INFORM asked to what extent the harmonisation and transposition of EU rules and regulations within the national, legal, political and economic systems of Western Balkan (WB) societies lead to substantive changes in practices and procedures, or alternatively, to what extent the imported rules remain ‘empty shells’ with little influence on social life. We proceeded from the hypothesis that informal practices derive from a number of sources, including experience with superficial or incomplete reform, compensating for formal systems that do not function, and preservation of informal power in the economic and political spheres.
What we, and other researchers (e.g. Mungiu-Pippidi 2005, Richter and Wunsch 2019) noticed is that as WB countries move closer to the EU, the gap between formal and informal institutions is not getting smaller, but, in fact, ever wider. On one hand, this originates from the increasing need of these countries to harmonize their own legislation with the EU acquis communautaire and to adapt themselves to the way the EU functions. And on the other hand, it derives from the inability of the governments of these countries to substantively apply legal, political and economic solutions imposed by the process of joining the EU.
The gap between legal resolutions in the formal sphere and actual informal practice presents the risk that the process of transition and European integrations might represent yet another incomplete and abandoned attempt to transform Balkan societies. Without understanding “how these societies really work” there is a real danger that this transformation attempt will end with construction of the “modern” façades of “market” economy and political “pluralism” (fully in line with Copenhagen criteria), behind which the everyday life, still burdened with informal economy, political clientelism, ethnic tensions, gender inequalities, and social exclusion, will continue to unfold. This represents the key challenge to the European integration of Balkan societies.

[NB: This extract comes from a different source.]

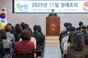 (포탈뉴스통신) 합천군은 지난 4일 군청 대회의실에서 공직자 100여 명이 참석한 가운데 2025년 11월 정례조회를 개최했다. 이번 정례조회에서는 △제12회 행복농촌만들기 콘테스트 유공 △2025년 치매극복의 날 유공 △행복동행 사회복지공무원 가족 유공 △2025년 청년 활동 유공 △2025년 양성평등주간 기념 유공 △제20회 임산부의 날 유공 등 국도정 및 군정 유공 공무원과 군민 16명에게 표창장이 수여됐다. 또한 2025년 상반기 적극행정 우수공무원으로 선정된 안전총괄과 이정일 재해복구T/F계장이‘민원中心, 현장中心’이라는 주제로 적극행정 직접 실천 사례를 발표하며 적극행정 마인드를 공유하는 시간을 가졌다. 김윤철 군수는 “작은 일이라도 군민의 입장에서 먼저 생각하고 적극적으로 실천하는 공직문화가 정착될 수 있도록 함께 노력해 달라”고 당부했으며, “다가오는 연말에는 각종 행사와 예산 마무리 등으로 업무가 많아질 시기인 만큼 소통과 협력으로 군정 목표를 차질 없이 추진해 나가자”고 강조했다. [뉴스출처 : 경상남도 합천군]

What we encountered in all our studies is the existence in WB of a system of clientelist relationships on a mass scale, at the core of which stand political parties. The precondition for the immersion of the entire society in a network of clientelistic exchange is the domination of party and financial oligarchies over the executive branch of government, exercising control over the parliament, judiciary and the media, and the systematic dismantling of democratic mechanisms which are meant to provide oversight for the executive branch of government. Some people and some groups use this situation of “captured resources” to extract their profits (in public administration, healthcare, the public sector, police, courts, the educational sector…), while others develop alternative informal networks (friends, relatives, local connections, pseudo-tribal networks) to get access to resources or to self-govern their life outside of the formal institutional system. The result is the omnipresence of informal practices in the societies of the WB.
So we might say that the main source of informal practices in the societies of the WB and the basic obstacle to the European integrations of these societies is the practically limitless influence of the political field over all other social fields, for which laws often do not represent a hindrance.
The project goals were both scholarly, to advance research in the area of informality with detailed data on Southeast (SE) Europe, and practical, to provide policy recommendations to the states of the region and the EU.